Spatial Analysis – Clustering

Gerry Bull, Space Research Corporation and Armscor of Pretoria, South Africa, c. 1972–80 1999

Module Summary

In this module we introduce clustering as a method for spatial analysis. Clustering involves grouping sets of objects such that members of the same group (called a cluster) are more similar to each other than those in other clusters. Clustering falls within a branch of unsupervised statistical learning, where algorithms themselves learn the structure of data, rather than being taught it (supervised learning). It's core conceptual underpinning is that you can use an algorithm to summarize characteristics about a group of objects, across many (often hundreds) of variables. But unlike many other statistical methods, there is often no correct answer as to what makes a good or bad cluster, or whether an object belongs in a certain group or not. As such, clustering can be misused when applied to socio-economic settings without rigorous critical thinking. Clustering is used across a range of applications from grouping emails by their textual content, to grouping hair styles across decades, to even grouping geographies based on the attributes of residents or buildings within them. In this module we will use clustering to group geographies, based on the attributes of buildings found within them. We will work with the NYC Planning Department's building data.

For this module we will be using the Pandas, GeoPandas and Scikit-Learn Python libraries. Ensure to pip install them on your machine, if you don't already have them, and import like so:

import pandas as pd
import geopandas as gpd
from sklearn.cluster import KMeans
import matplotlib.pyplot as plt

Clustering

In the previous module on spatial correlation we began by discussing Tobler's First Law of Geography: "everything is related to everything else, but near things are more related than distant things." Similarly, clustering algorithms look at the distances between objects to determine whether something belongs to a group.
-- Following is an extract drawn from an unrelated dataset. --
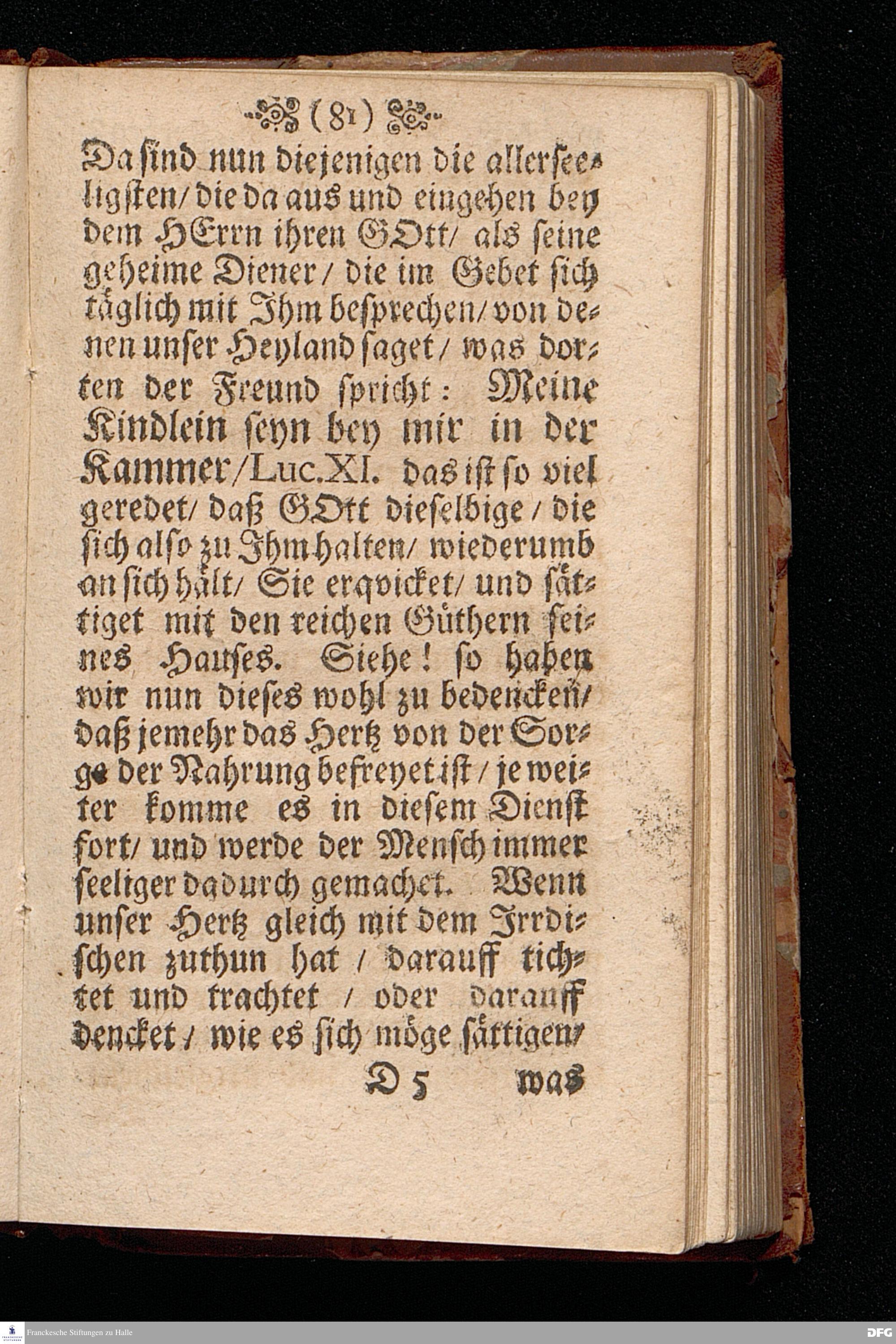 Die Beschwerung des Hertzens Mit der Sorge der Nahrung / In einer Predigt Uber das Evangelium Matth.VI, vers.24==34. Am 15.Sonntag nach Trinitatis Anno 1697, In der St.Georgen=Kirche zu Glaucha an Halle vorgestellet von M.August Hermann Francken / Gr.& OO.LL.P.P.& P.Glauch. Halle / druckts Christian Henckel / 1698.

K-means clustering, by far the most widely used clustering algorithm, and the algorithm we will use for this demonstration, takes any number of objects (think point in high dimensional space) and groups points into clouds, where the centroid of each cloud is used to determine groups, such that the distance between every point in a group and the centroid is minimized.

The algorithm is iterative and has three main steps: 1 – choose the location of centroids for K groups (you have to tell the algorithm before hand how many clusters to create, this number is called K.) and then assign each object (or point) to the cluster of the nearest centroid. 2 – The algorithm then finds the new average (or centroid) of the groups assigned in the previous step. 3 – It then updates the group assignments based on the (new) location of the centroids. It does these steps until the centroids of each group does not move between iterations (in other words until the groupings are optimized). The below image shows what the K-means process would look like in 3-dimensions, when trying to group 3 clusters. However, often times we cannot visually represent the clustering process as it is done across much more than 3-dimensions.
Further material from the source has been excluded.